Exceptions. There is considerable variety in the source material and minor special instructions may be required for some books, or some portions of books, in some cases overriding the instructions given below.

Feedback. Conversion firms involved in this project are encouraged to ask questions: both to inquire about specific features not anticipated by the Guidelines, and to challenge the Guidelines (or the dtd) if they seem to produce unreasonable results. We will likewise provide advice on the conversion firms' tagging practices as quickly as possible.

Naming scheme

Page-image ID numbers

The beginning of each page (including the first page and all blank pages) should be recorded with a <PB> tag. The REF attribute of the <PB> tag is required: its value will eventually be the ID-string of the page image used by Bell & Howell to retrieve the image. Until such ID strings are available, simply record the image number within the book as the value of the REF attribute. E.g., a page appearing on the the third page image will begin with <PB REF="3">.

Since most of the page images are in fact images of page openings (i.e., each image contains two pages), in most cases there will be two <PB> tags for each REF value, like this:

<PB N="6" REF="3">
<PB N="7" REF="3">
<PB N="8" REF="4">
<PB N="9" REF="4">
<PB N="10" REF="5">
<PB N="11" REF="5">

File names

The text captured from each book should be returned as a single file, *.sgm. For now use the method of file-naming specified on EEBO FAQ page, using the the Wing or Pollard & Redgrave STC number as the basis for the file name.


Material to record

With a few standard exceptions noted below, the entire text will be recorded in its entirety, first page to last, in the order it was intended to be read (top left to bottom right, left column before right column, etc.).

The chief exception is parallel texts. e.g. Running parallel texts, printed in a multi-column, multi-row, or facing-page arrangement, or some combination thereof, need to be treated as separate texts (normally, separate <DIV>s, sometimes perhaps separate <TEXT>s), each one recorded until its end and not restarted on each page. Notes and other material relating to only one of the texts on a page needs to be embedded in that text, not in any of the others. If a single heading or figure applies to more than one of the parallel texts, it should be recorded at the appropriate place in each text to which it applies.

Partial or fragmentary parallel texts will normally be broken primarily at the chapter or section level (e.g. <DIV1 TYPE="chapter">), then into parallel versions of that chapter (e.g. <DIV2 TYPE="version">) when necessary. But full parallel texts, e.g. an entire Latin-English parallel New Testament, or a Latin-English parallel Boethius) will normally be broken primarily into versions first (<DIV1 TYPE="version">), then each version into its chapters (<DIV2 TYPE="chapter">).

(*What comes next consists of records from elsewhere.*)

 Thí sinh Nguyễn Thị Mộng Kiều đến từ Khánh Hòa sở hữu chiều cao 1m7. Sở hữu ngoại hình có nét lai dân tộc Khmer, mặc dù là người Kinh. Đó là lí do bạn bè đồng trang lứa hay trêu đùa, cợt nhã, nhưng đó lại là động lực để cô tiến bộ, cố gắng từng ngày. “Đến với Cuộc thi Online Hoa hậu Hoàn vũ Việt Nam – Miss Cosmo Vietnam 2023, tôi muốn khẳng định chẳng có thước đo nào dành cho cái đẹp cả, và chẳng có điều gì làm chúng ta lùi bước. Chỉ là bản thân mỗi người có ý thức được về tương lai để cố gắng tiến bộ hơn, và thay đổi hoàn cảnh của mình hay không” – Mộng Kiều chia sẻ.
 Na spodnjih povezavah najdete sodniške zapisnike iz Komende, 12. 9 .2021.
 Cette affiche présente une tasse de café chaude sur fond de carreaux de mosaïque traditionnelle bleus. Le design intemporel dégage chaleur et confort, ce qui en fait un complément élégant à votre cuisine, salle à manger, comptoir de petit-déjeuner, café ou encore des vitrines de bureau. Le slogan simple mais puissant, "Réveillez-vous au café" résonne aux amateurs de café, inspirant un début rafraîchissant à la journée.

All material should be recorded in the form in which it appears in the book: do not attempt to correct spelling or typographic errors (except upside-down letters; see below). Spaces between words should always consist of one space character. Spacing between words is, however, often highly irregular in these books, often difficult to discern, and therefore often requires a measure of judgment. This may involve advisedly departing from the spacing that appears in the original book when sense demands it.

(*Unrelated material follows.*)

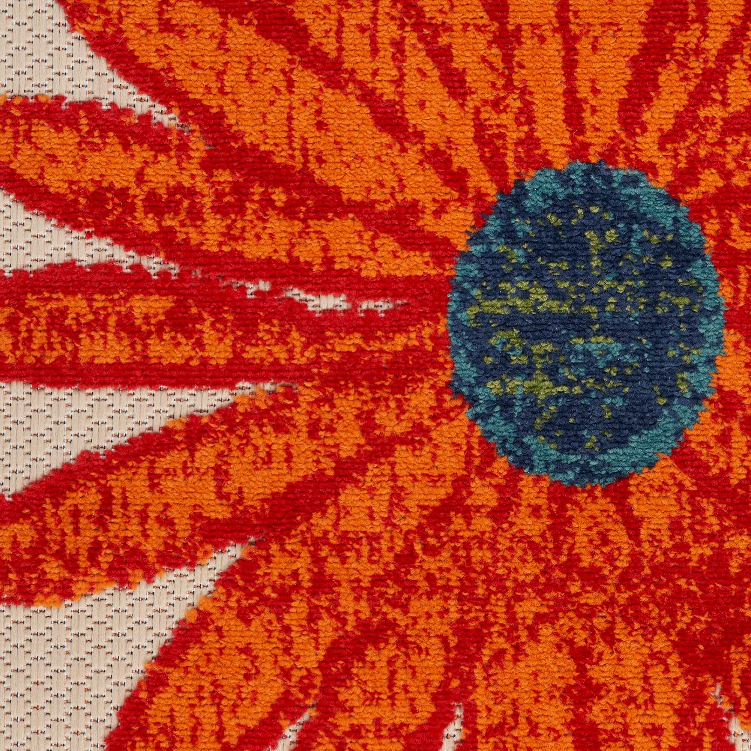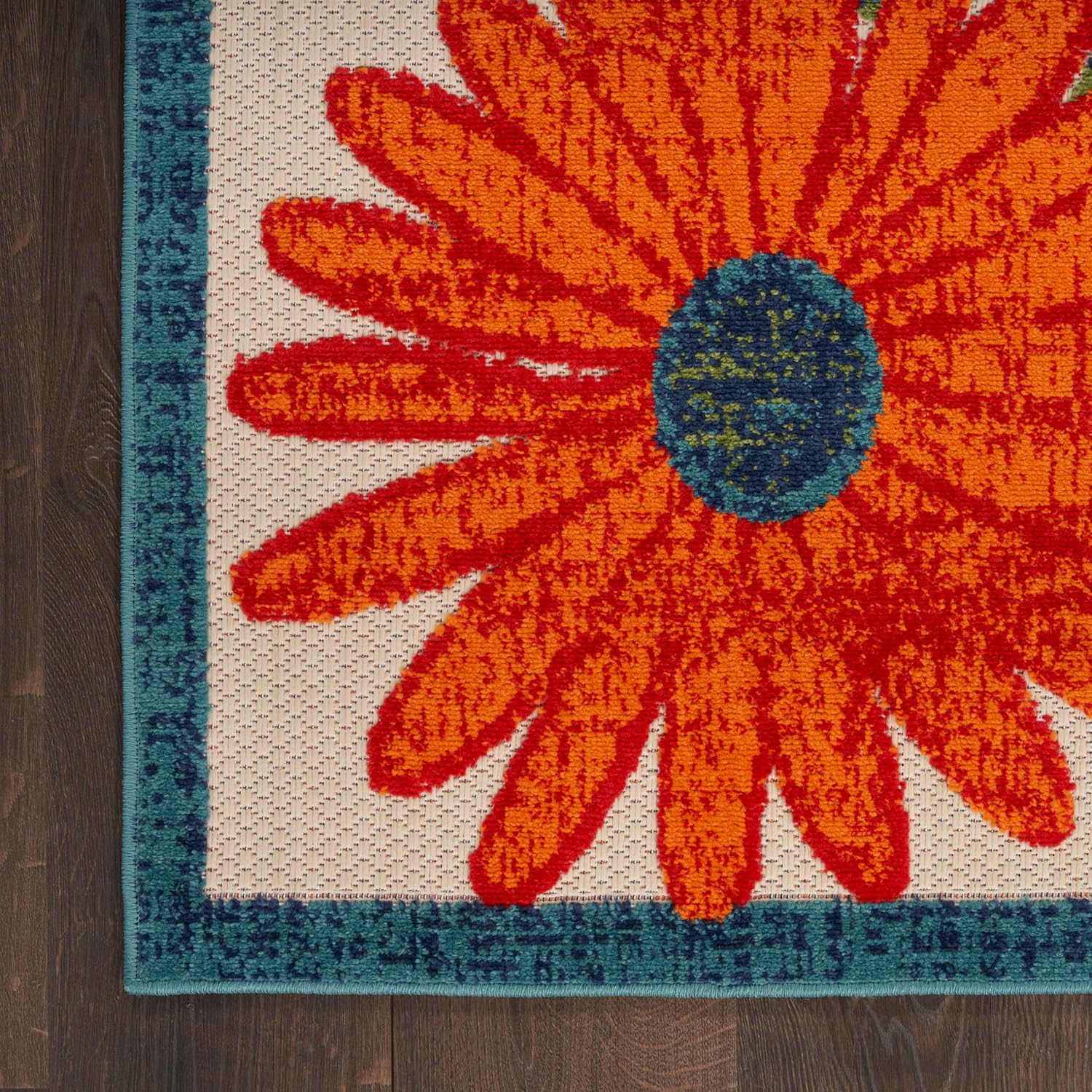 - EYE-CATCHING PATTERN: This floral outdoor rug is flatwoven with a subtly raised cut pile for a distinctive look and soft texture.

Material to record as attribute values

  1. 'Milestone' information

    Page numbers as printed in the book will be preserved only as the value of the "N" attribute of the <PB> (page-break) tag. Unnumbered pages should receive a <PB> tag with the N attribute omitted. Incorrect page numbers should be recorded just as they appear. Page numbers will usually consist of arabic or roman numerals, but may also appear as letters or letter-number combinations. If there appear to be multiple separate paginations, choose one to record with the <PB> tag; record the other with a <MILESTONE> tag. Ignore any typographic elements used to set off the page number. E.g. -2-, {p. 2}, and PAGE 2 should all be recorded as <PB N="2">; (ccii) .cc.ii. and -ccii- should all be recorded as <PB N="ccii">; etc.

    Placement of <PB> tags. The rules are: (1) "pages always break at the top"; that is, <PB> tags will be inserted in the text at the actual location of the page break, regardless of the location of the page number on the printed page. (2) "Divisions begin at page breaks; they don't end there"; that is, if a structural break of some kind coincides with the page break (e.g., if a new section, paragraph, etc., begins at the head of the new page), the <PB> tag should be tucked inside the opening tag for the new division, neither inside the closing tag for the old division nor between the two divisions. And (3) "Words cannot break at page breaks"; that is, if a hyphenated word straddles a page break, finish the word and any attached punctuation, then insert the <PB> tag. Treat the hyphen as any other end-of-line hyphen.

    In parallel texts, material on a single page is often recorded at widely separated points in the data stream (once in each parallel <DIV>). In that case, the <PB> tag, including the page number, should be repeated, i.e., recorded in both <DIV>s.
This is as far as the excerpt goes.